/CloverLeaf

CloverLeaf, in many programming models

Primary LanguageC++

CloverLeaf

WIP

CloverLeaf implementation in a wide range of parallel programming models. This implementation has support for building with and without MPI. When MPI is enabled, all models will adjust accordingly for asynchronous MPI send/recv.

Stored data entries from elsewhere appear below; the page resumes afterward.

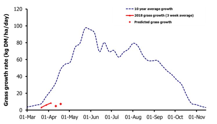 The same year, growth didn’t reach over 30kg DM/ha/day until early May when typically advisors on the programme would expect it to sit at around 80kg DM/ha/day.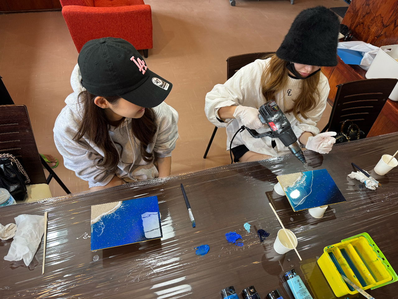 レジン液が服などに大変取れにくいので汚れても良い服でお越し下さい。
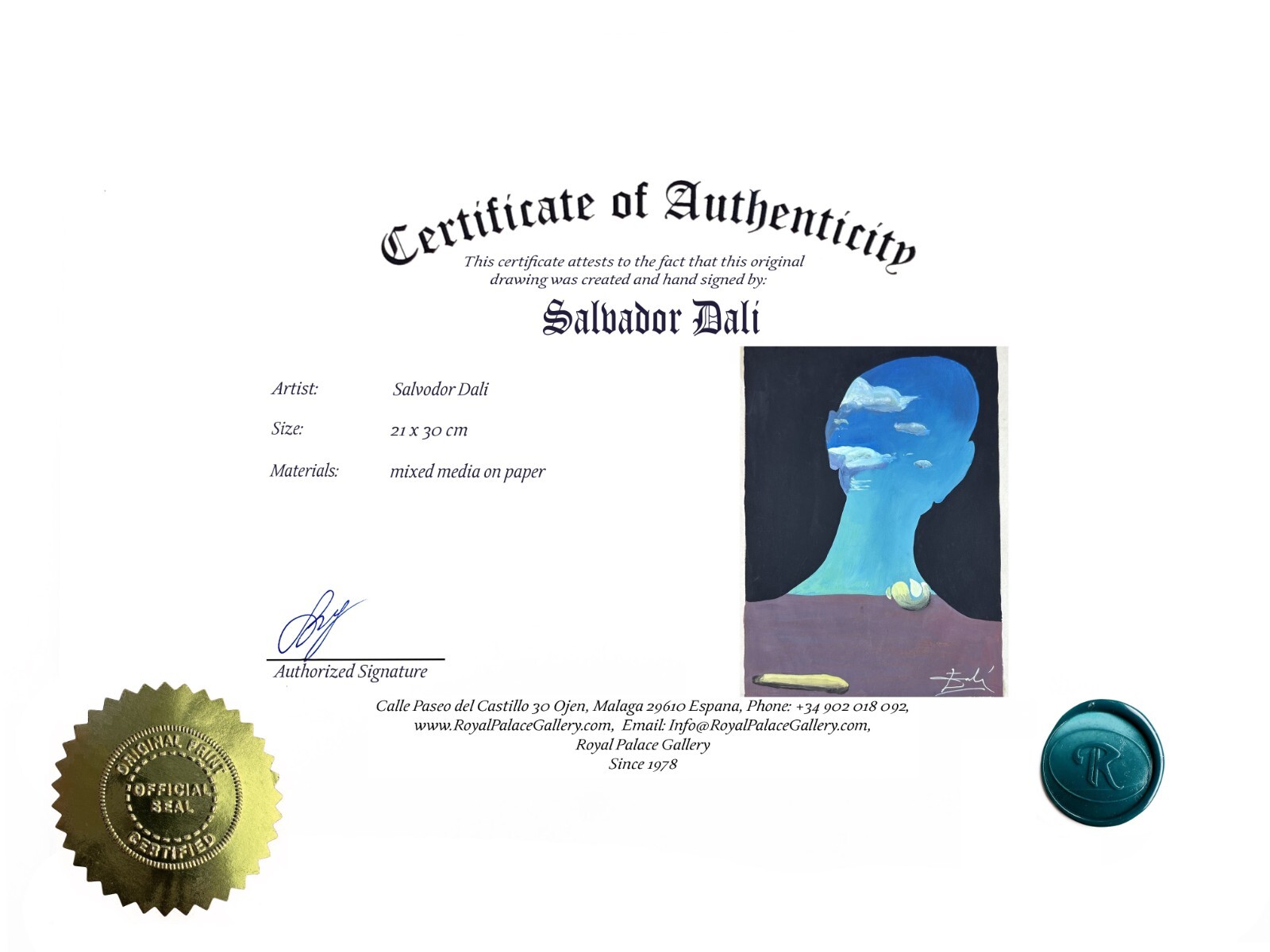 This original Salvador Dali drawing is a stunning piece! The mixed media work feels authentic and detailed, with a hand-signed front and gallery stamps on the back. The included certificate adds value, and the flat packaging ensures safe delivery. At $70 including shipping, it's a steal for a genuine Dali artwork. The 21x30cm size is perfect for display, and the seller's transparency about pricing makes the purchase trustworthy. A must-have for art collectors!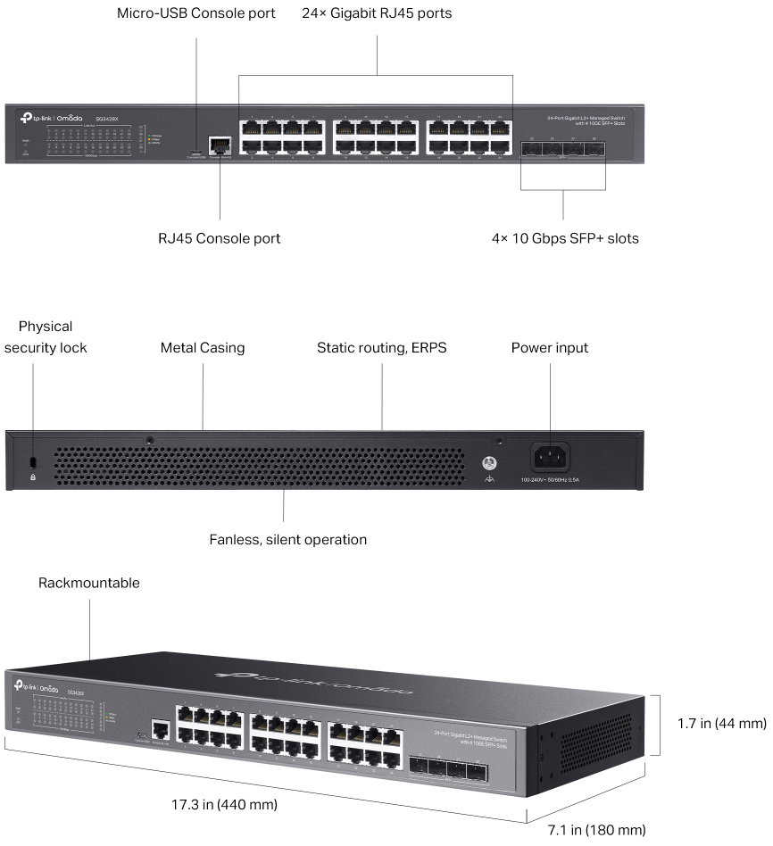 | Omada 24-Port Gigabit L2+ Managed Switch with 4 10GE SFP+ Slot, 19-inch Rack-mountable Steel Case | |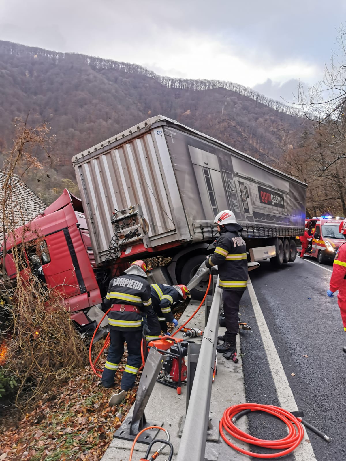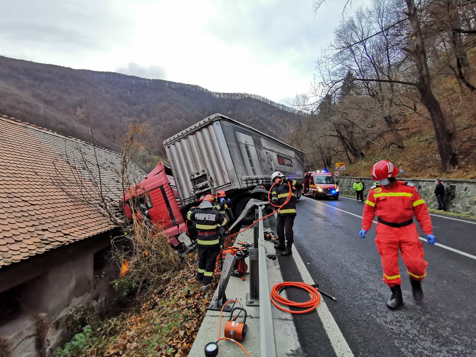 Inspectoratul pentru Situaţii de Urgenţă Sibiu intervine cu două echipaje SMURD şi unul de la Descarcerare. Şoferul TIR-ului, un bărbat în vârstă de 38 de ani, din judeţul Prahova, a fost rănit în urma accidentului.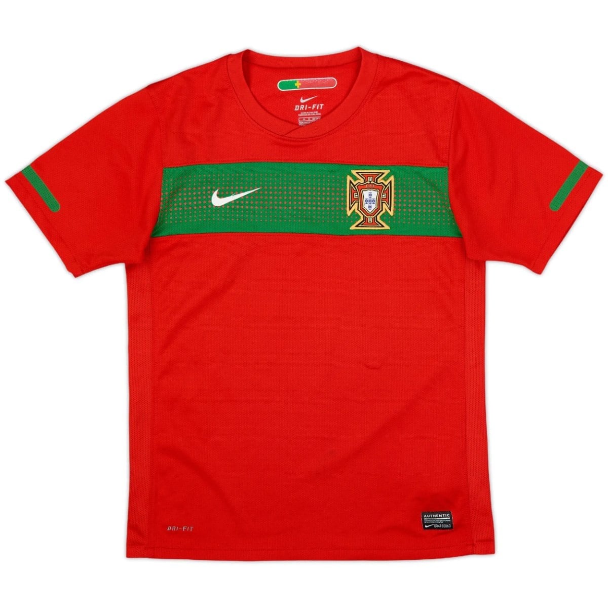 חולצת הבית של פורטוגל מ-2010 משלבת אדום ברור עם אלמנט ירוק שמדגיש את הזהות הלאומית. זו חולצה מתקופה שבה העיצוב כבר היה נקי ומודרני יותר, אבל עדיין מרגיש רטרו למי שאוסף חולצות מונדיאל.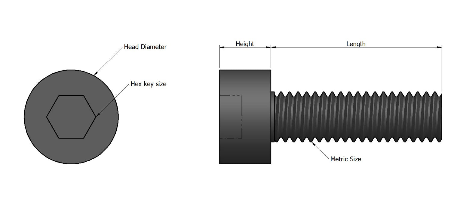 All the RENY socket cap head screws available on our website are compliant to the DIN912 specification. The standard drive type available for these screws is 6 point hexagonal drive through the use of a hex key (the drive sizes can be found on the dimensions table).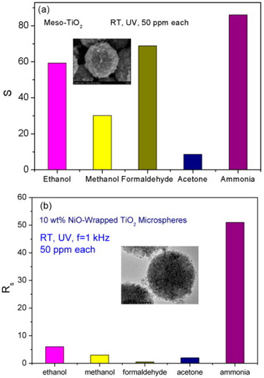 - Li, X.; Chen, N.; Lin, S.; Wang, J.; Zhang, J. NiO-wrapped mesoporous TiO2 microspheres based selective ammonia sensor at room temperature. Sens. Actuator B 2015, 209, 729–734. [Google Scholar] [CrossRef]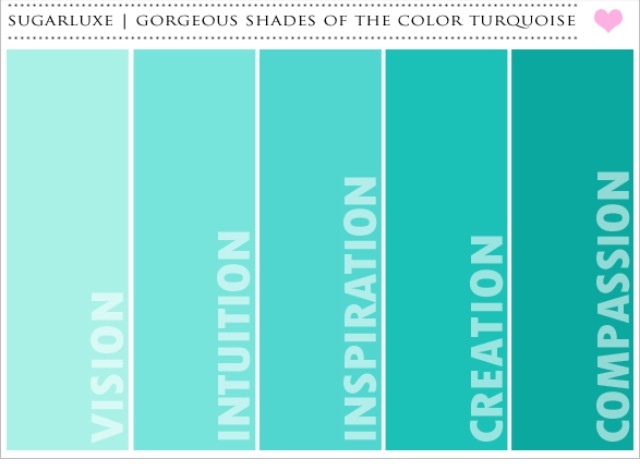 Бирюза — дружелюбный и радостный цвет, получивший свое название от драгоценного камня, который происходит от французского слова, означающего турецкий.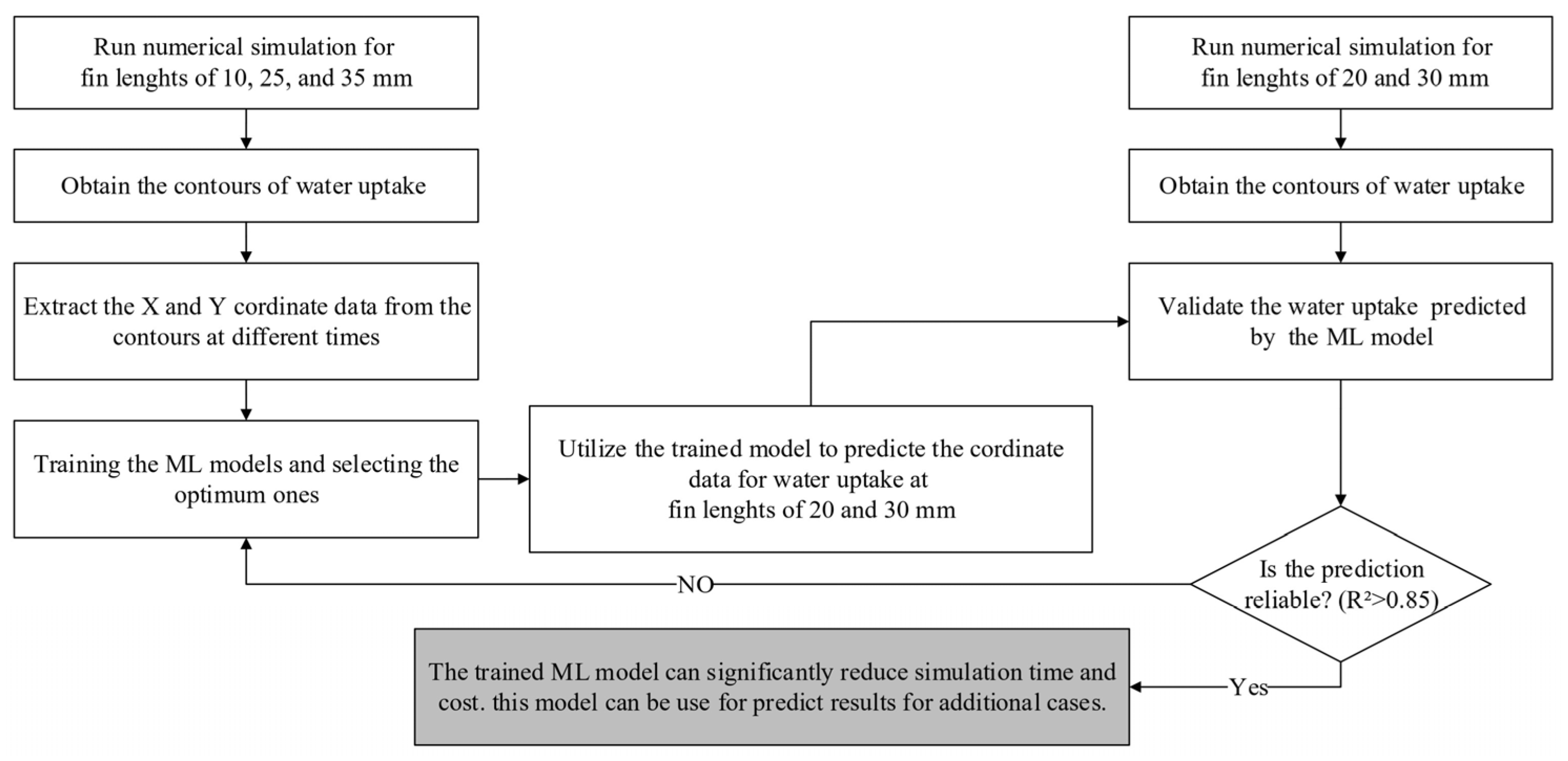 - The trained MLP model successfully predicted water uptake for unseen fin geometries (20 mm and 30 mm) with good agreement compared to numerical simulations.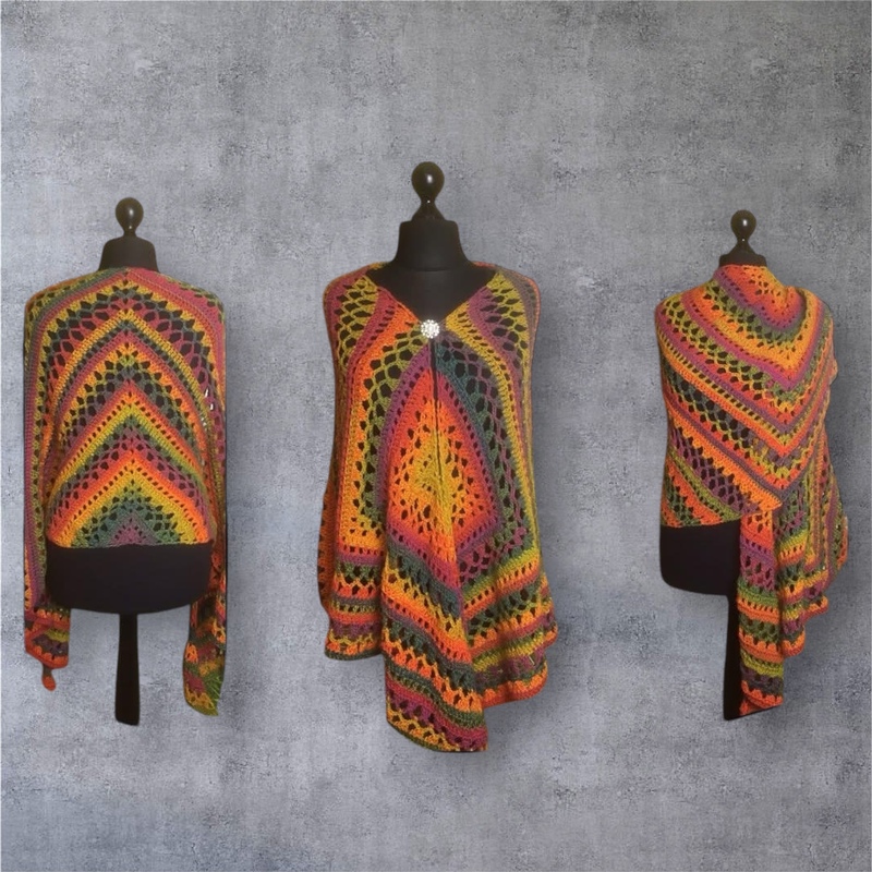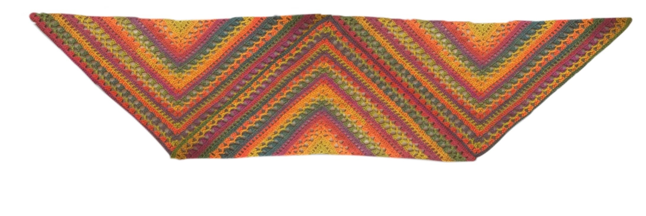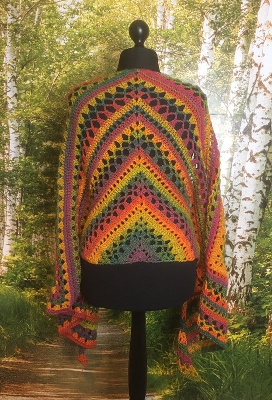 With this pattern, you can crochet a simple but yet beautiful triangle shawl, or you crochet 3 triangles to make a stole, or 8 triangles to make a blanket.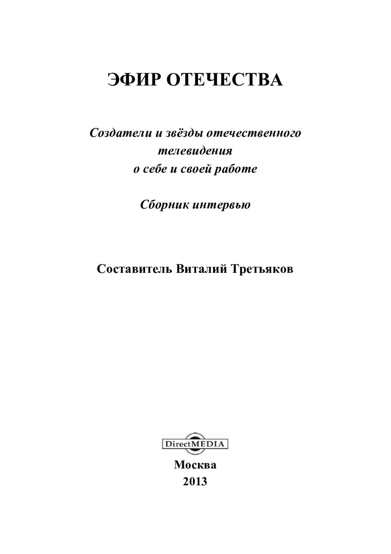 Библиографическое описание:Эфир Отечества. Создатели и звезды отечественного телевидения о себе и своей работе : сборник интервью / сост. В. Т. Третьяков. - Москва : Директ-Медиа, 2013. - Загл. с титул. экрана. - ISBN 978-5-4458-3557-8 : Б. ц. - Текст : электронный.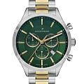 Часы Jacques Philippe Apollo JPQGC0313X8N — это гармоничное сочетание элегантного дизайна, современных швейцарских технологий и безупречного качества исполнения. Кварцевый механизм Ronda 5040.D.0001 обеспечивает точность хода. Модель оснащена точным кварцевым механизмом с функцией хронографаХронографФункция позволяет измерять отрезки времени с особой точностью: часы, минуты, секунды. Верным признаком хронографа является наличие на циферблате 3 дополнительных окошек-счётчиков. с секундомеромСекундомерСекундоме́р — прибор, способный измерять интервалы времени с точностью до долей секунды., что позволяет не только отслеживать время, но и использовать дополнительные возможности для активного образа жизни. Корпус диаметром 43 мм выполнен из прочной нержавеющей стали 316L, а сапфировое стеклоСапфировое стеклоПрочный и надёжный материал из кристалла сапфира синтетического происхождения, характеризующийся особой твёрдостью и устойчивостью к царапинам и повреждениям. надежно защищает зеленый циферблат от царапин и других повреждений. Окошко даты расположено между отметками 4 и 5 часов, что добавляет удобства в повседневном использовании. Для удобства использования в темное время суток предусмотрено люминесцентное покрытиеЛюминесцентное покрытиеПозволяет считывать показания времени в темноте. Производители наносят на стрелки, часовые индексы, безель или поверхность циферблата светонакопительный состав, дающий холодное свечение. стрелок. Браслет из нержавеющей стали с частичным золотистым PVD-покрытиемPVDУльтратонкое покрытие наносится в технике вакуумного напыления, сочетает в себе нитрид титана особой прочности со слоем золота или оксида хрома. Несёт в себе декоративную или защитную функцию. подчеркивает современный стиль изделия, а застежка «бабочка»Застёжка "бабочка"Такой вид застёжки дополняется предохранителями, помогающими избежать случайного раскрытия браслета. Обладают изящным исполнением. , раскладывающаяся при нажатии кнопок двойной блокировки, обеспечивает комфортное ношение и надежную фиксацию на запястье. Водозащита до 5 атмосфер позволяет не беспокоиться о случайных брызгах и дождевых каплях.

This is a consolidation of the following independent ports with a shared driver and working MPI paths:

Programming Models

CloverLeaf is currently implemented in the following parallel programming models, listed in no particular order:

  • CUDA
  • HIP
  • OpenMP 3 and 4.5
  • C++ Parallel STL (StdPar)
  • Kokkos >= 4
  • SYCL and SYCL 2020

Planned:

  • OpenACC
  • RAJA
  • TBB
  • Thrust (via CUDA or HIP)

Building

Drivers, compiler and software applicable to whichever implementation you would like to build against is required.

CMake

The project supports building with CMake >= 3.13.0, which can be installed without root via the official script.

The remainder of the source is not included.